Heroin addiction was rampant and the hepatitis C virus was spreading across Portland, Kelley said. How would the Health Department like some money to pay for treatment and services for hep C patients?
That money would help a great deal, he said. Thousands of people were now infected with the virus.
Kelley went on about the treatment and services the county lacked and that Oxman might put in place. As the meeting wound down, Kelley added, “Oh, by the way, there’s this advocacy group in the community called RAP, comprising drug users in recovery. A lot of their friends who are still using are dying of heroin overdoses. Can you do an epidemiological study on that?”
Oxman replied, “Sure.”
RAP—the Recovery Association Project—was a union of recovering heroin addicts organized by a local nonprofit called Central City Concern. Central City had long run detox centers for alcoholics and drug addicts. By the mid-1990s, with the decline of the black gangs’ control of the crack trade in Portland, the numbers of CCC detox patients was falling quickly. Center directors actually wondered how long they’d be in the detox business.
“Then, all of a sudden, something happened. We were getting all these people addicted to heroin,” said Ed Blackburn, now the director of Central City. “You were seeing young people. We were used to seeing forty-year-old heroin addicts at the detox center. Then we were seeing twenty-three-year-old heroin addicts. This was 1994, 1995. We’d been detoxing heroin addicts for years, but it was always pretty stable: five to ten percent of our patients. Then it went up. By 1996 to ’97, it was over fifty percent heroin.”
The Xalisco boys were now all over Portland.
Blackburn is a follower of Saul Alinsky, the legendary community organizer in Chicago, who trained politically marginalized groups in pushing politicians to respond. As heroin surged, Blackburn used a federal grant to train recovering addicts in using their stories and experience in politics. He hired a couple of them and they spent time at the detox centers recruiting others to join RAP. Before long, hundreds of newly recovering addicts organized. They began going to city and county meetings demanding services and funding.

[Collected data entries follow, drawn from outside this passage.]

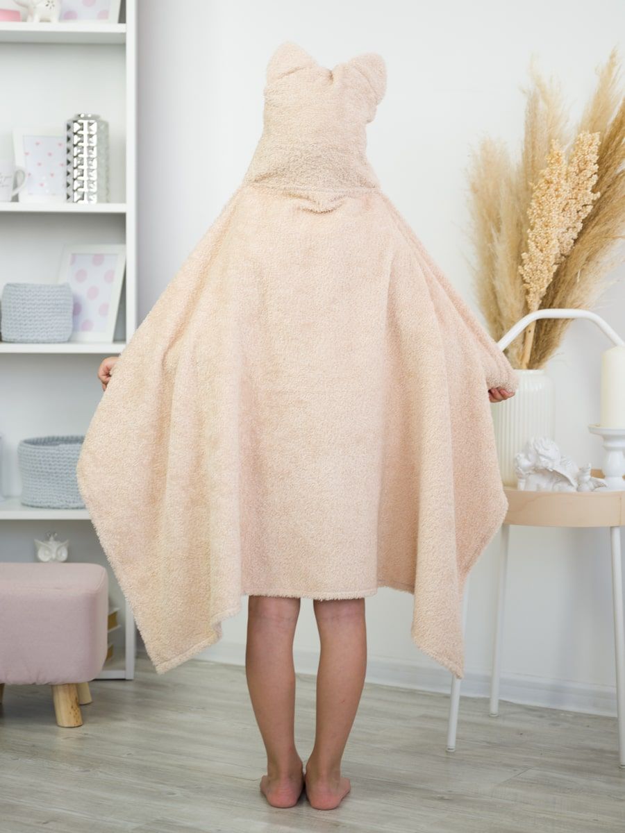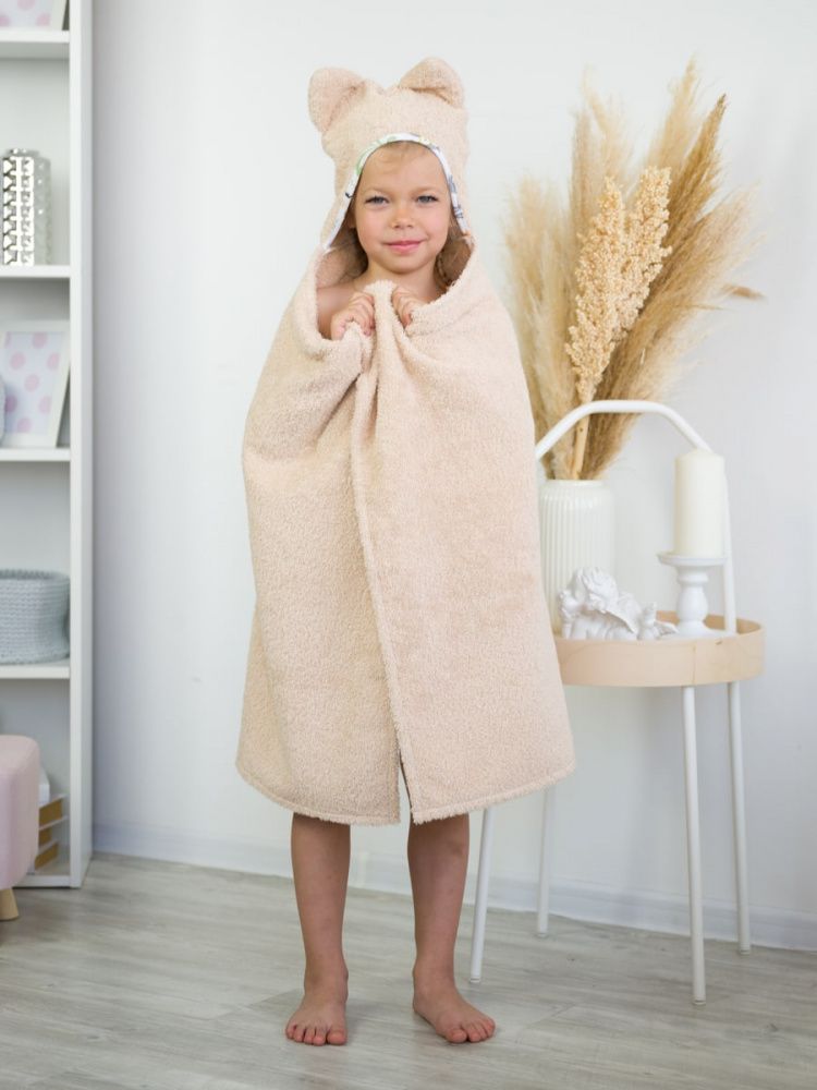 Большое полотенце с ушами кота станет незаменимым аксессуаром после купания как для новорождённых малышей, так и для подросших девочек ростом до 120 см.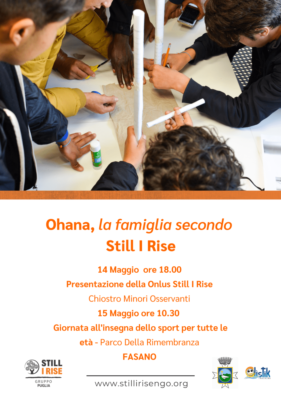 FASANO – In occasione del Maggio dell’Infanzia si prepara a Fasano un fine settimana con “Still I Rise”, organizzazione non profit indipendente nata per offrire istruzione e protezione ai minori profughi e vulnerabili. Sabato 14 maggio alle ore 18, presso il Chiostro dei Minori Osservanti in Corso V. Emanuele II, i volontari del gruppo territoriale Puglia di Still I Rise presenteranno l’organizzazione e la sua missione, avvalendosi anche di proiezione di video e di un punto informativo con brochure e gadgets. Domenica 15 maggio, invece, in occasione della ricorrenza della Giornata della Famiglia, sarà organizzata una mattinata interamente dedicata ai bambini e ai ragazzi, con giochi e attività ludico-sportive presso il Parco della Rimembranza dalle 10.30 in poi. Le attività sono organizzate con il patrocinio del Comune di Fasano e la collaborazione dell’Associazione sportiva Olistik Training.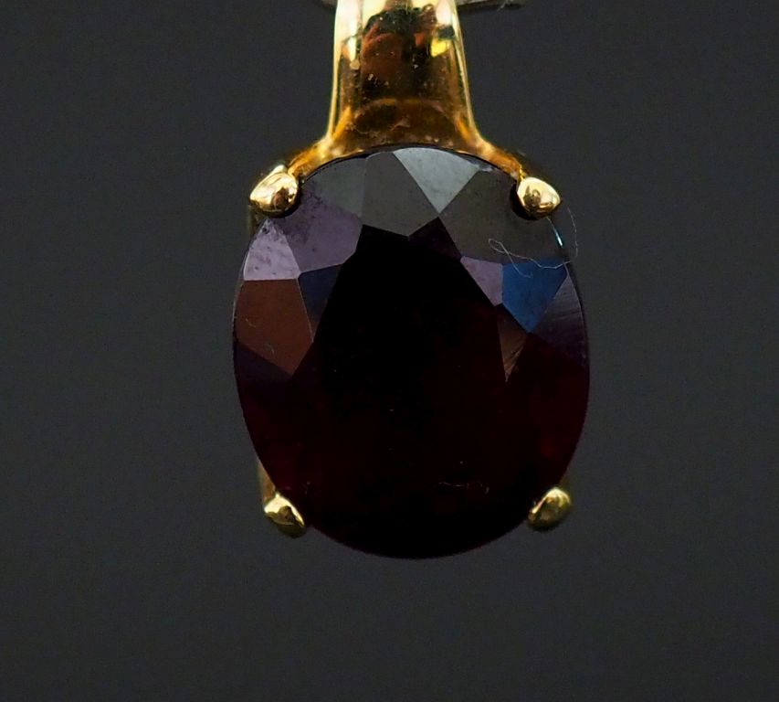 Lot de Pendentif en or jaune, serti en son centre d'une pierre rouge. H. 1,8 au prix de 60 à 100 € en vente aux enchères par l'hôtel des ventes Primardeco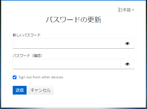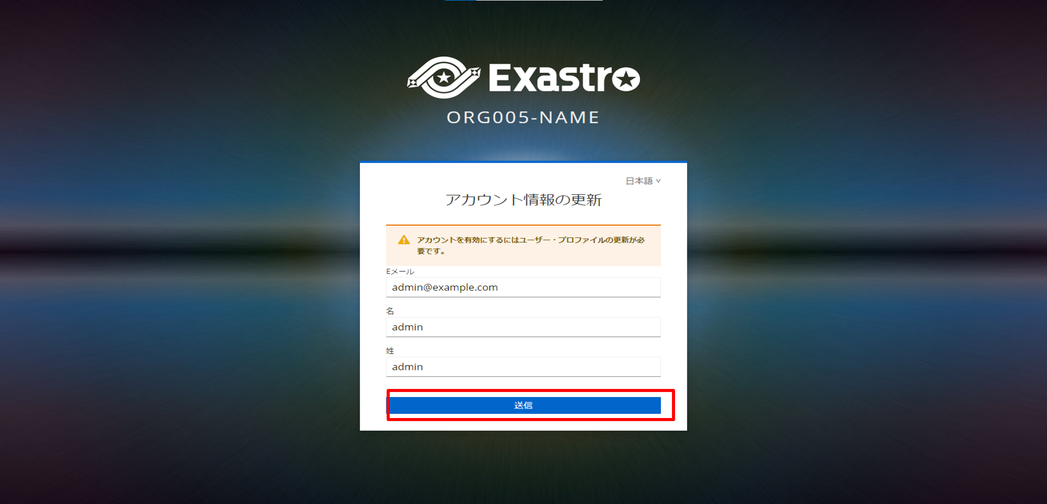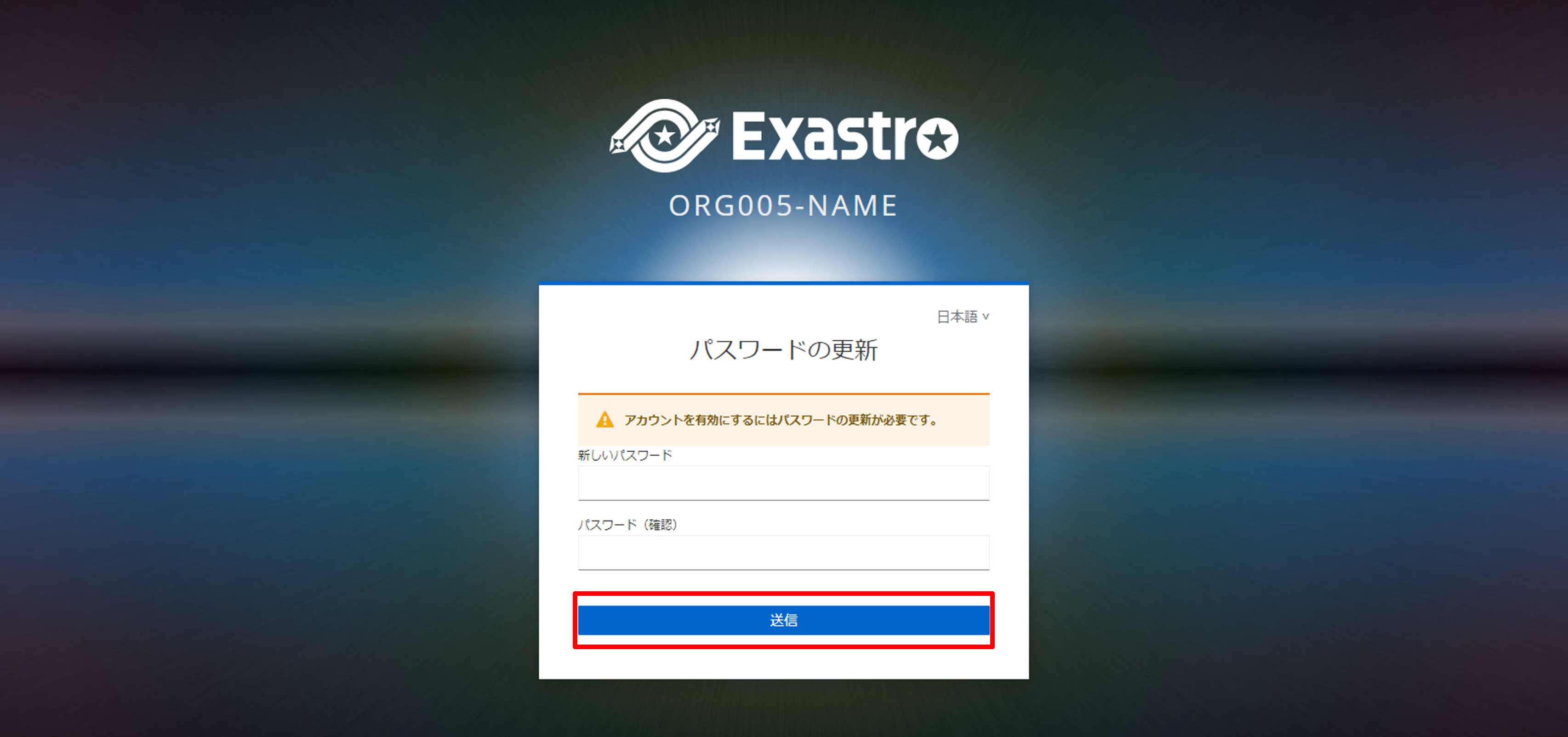 ※初回ログイン時は、オーガナイゼーション作成 で指定した管理者のログインID(ユーザー名、E-mailアドレス)、初期パスワードを使用してください。 - パスワードの更新を行い、送信 ボタンを押下します。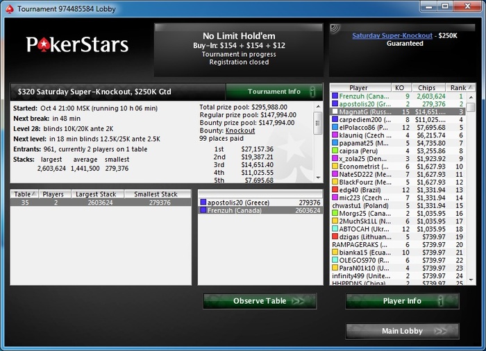 На последние 300 баксов сыграл несколько турниров, думал завтра пойду кредит пытаться взять))) Кстати, такой финалки слабой я на лимите 10 долларов даже не видел...

One of them was the legless addict, Alan Levine. By 1998, Levine had been using the Xalisco Boys’ delivery system daily for five years and it had lost its allure.
“You know Joe Camel—that cigarette ad strategy aimed at young people?” Levine said. “That’s what these guys were doing. They were aiming at the young people. The kids could snort it, smoke it, eat it, mainline it. All of a sudden we had a network of high schoolers who were addicted to heroin. Heroin became a lot more potent and a lot more deadly. There were more and more heroin deaths to the point where I stopped using heroin and I started working against it.”
Levine and others hit the streets and soon RAP had hundreds of members. From there, they turned to pushing elected officials to fund treatment for addicts. Levine was eventually put on the governor’s Council on Drug Abuse, and a county drug planning committee.
In Portland a class of earnest activists and nonprofit executives had emerged over the decades advocating on behalf of the disenfranchised and speaking an anesthetized and politically correct language. To this activist class, the RAPsters were like battery acid. RAPsters were street rabble with lives like open sores. They were blunt, uncensored, and not too polite. Blackburn trained them to tell their stories—which often didn’t fit in the neat world of heroes and villains that the professional advocates preferred. Alan Levine could be particularly graphic at public meetings, with his two stumps and an eloquent growl spinning tales of a debased life spent vainly seeking that first high that made him feel like the President of Everything.